To bump the milk, bang the pitcher a few times onto a hard surface. The point is to collapse any big-bubble froth floating on the surface (big bubbles are less dense, and float).

Finally, swirl the pitcher a few times to evenly distribute the bubbles through the milk.

Okay -- so you knew the what already, you wanted to know the why. Unfortunately it was necessary to break down the steps a bit -- you'll see why when we get to the "nuances." But first the biggie: After about 150F, milk doesn't heat -- it cooks. It cheeses. It curdles, i.e., starts to separate into solids and water. And it also starts to smell something awful. As we say in law, "not a good result."

On the more nuanced side, bubble size is influenced by the heat of the liquid. Hotter liquid makes for bigger bubbles -- especially at atmospheric pressure (on top of the milk) when you're blowing the steam in sideways. If you're doing latte art you want the milk to end up with the smooth texture you get form tiny bubbles, what's termed "chrome." That means very small bubbles.
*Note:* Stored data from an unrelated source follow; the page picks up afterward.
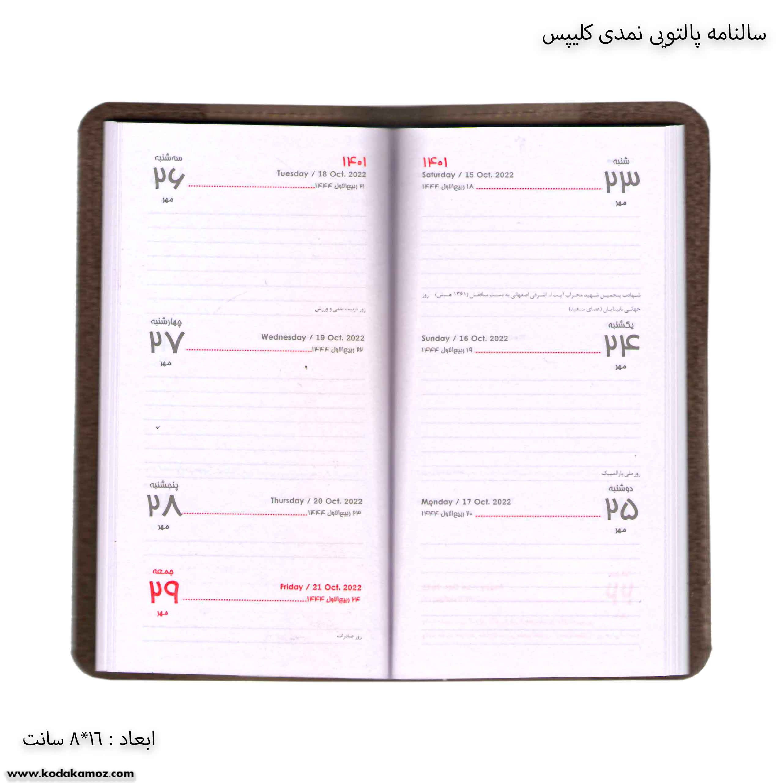 مشخصات سالنامه پالتویی نمدی کلیپس
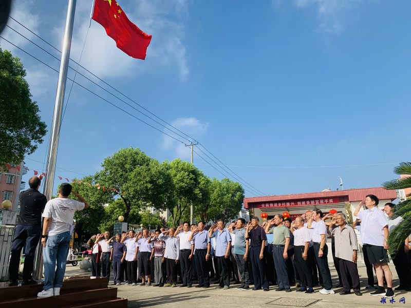 庄严的国歌中,退伍军人们一起面向国旗,唱响国歌;退伍军人里面不乏党员,社区党总支书记带领大家重温入党誓词,在入党誓词中坚定理想信念,不断叩问初心、守护初心,继承和发扬老一辈共产党人的光荣传统,把对党忠诚的铮铮誓言贯穿工作各方面、全过程。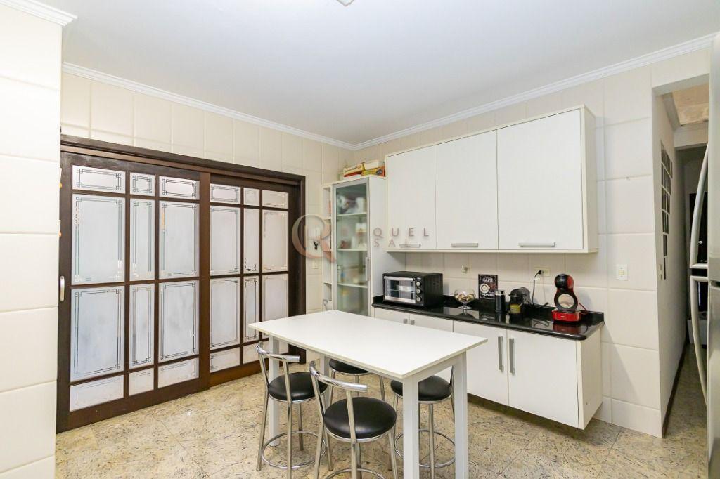Cozinha ampla, com armários planejados e mesa para refeições.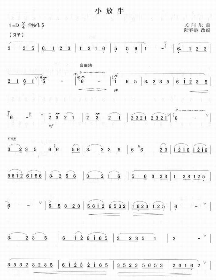 小放牛(笛子曲谱 笛子曲 笛子谱 笛子独奏 竹笛曲谱 笛子音乐 竹笛曲 竹笛音乐 中国竹笛)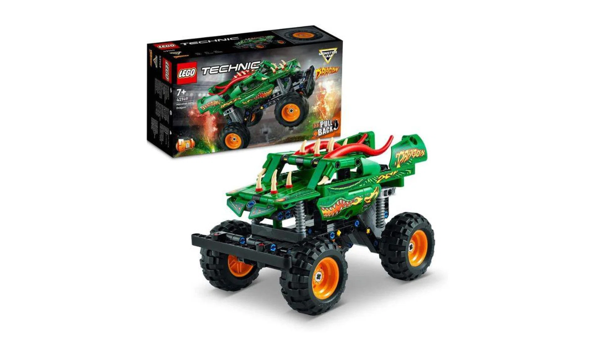 Delight little Monster Jam fans with the 2-in-1 pull-back truck toy, showcasing authentic graphics and dragon elements. Children can transform it into a Crocodile Monster Truck for extra excitement. Suitable for kids aged 7 and up.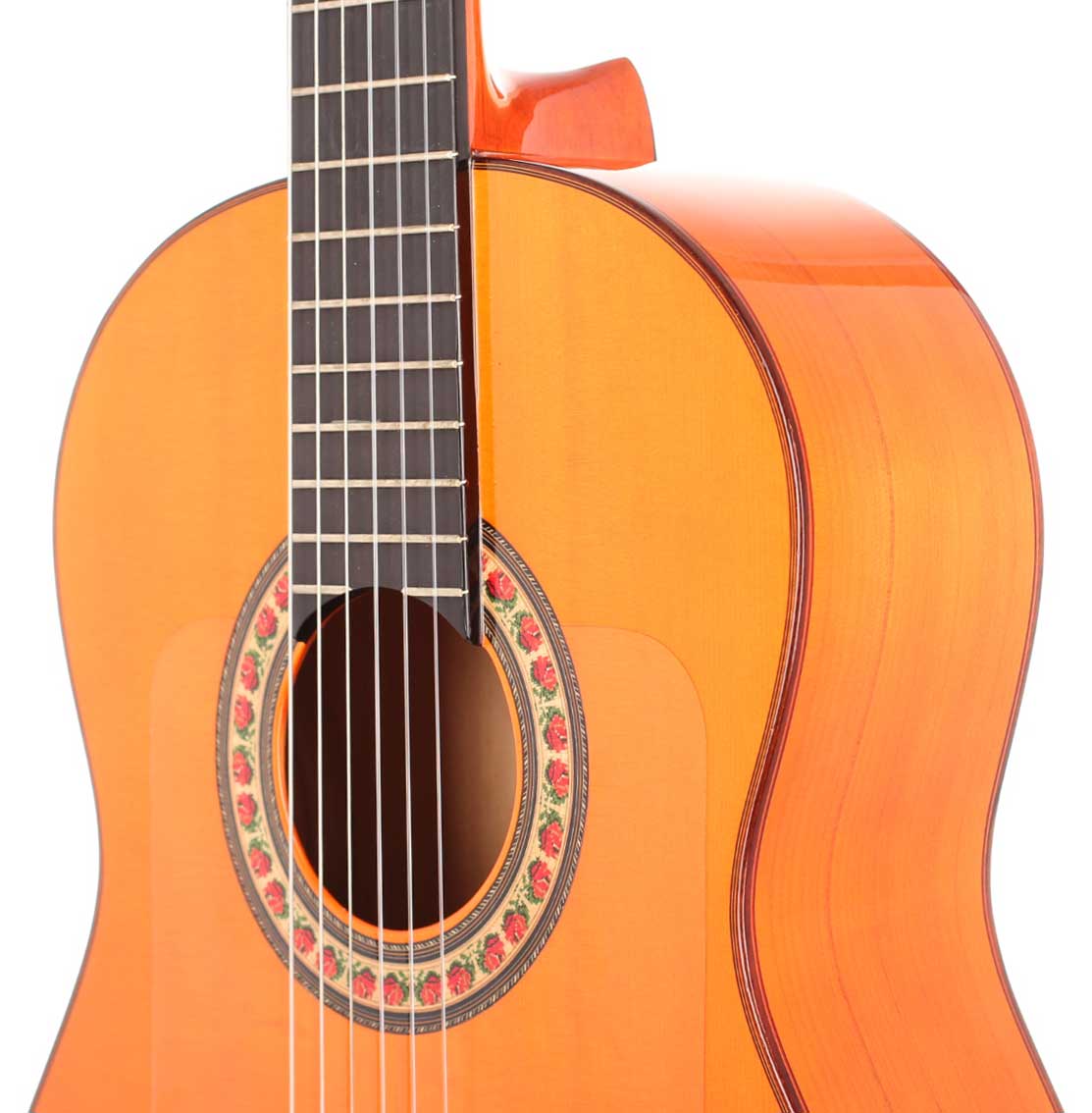 This flamenco guitar was built in 1999 and has a very fine spruce top. This guitar has a “Media Luna” headstock and one of the exclusive traditional rosette designs. The guitar is made from highest quality tone-woods that have matured for several decades. The tuning machines are made by Fustero. A hardshell case is included.

So, you stop frothing at around 85 - 90F. On the other hand, for cappuccino, you want definite, stick-on-your-lip froth, which takes larger bubbles; so you'll take the frothing stage up to around 100F.

Pracitcal notes about temperatures: If you're using an analog thermometer, understand the thermometer will have a little lag time -- instant read sizes tend to run about 5F slow. You can get pretty good by taking the temperature with your fingers. Touch the pitcher about half way down the level of the milk. "Warm" is around 90F; "hot" around 120F; and "can barely tap it," around 145F. 

Colder milk plus chilled pitcher equals more time to control the process of gettng air in. More time means large pitchers take longer, which is not a good thing; or less skill required which is. Some machines produce a lot of steam, some wands have big holes; in combination they don't give you a lot of time. That either makes steaming large pitchers easy, or makes it so small pitchers require a lot of skill. "Skill" sounds positive at first blush, but "skill" means making mistakes to gain it, then paying attention to use it. Neither thing is particularly desirable for making coffee at home. 

Hope this helped,
BDL


----------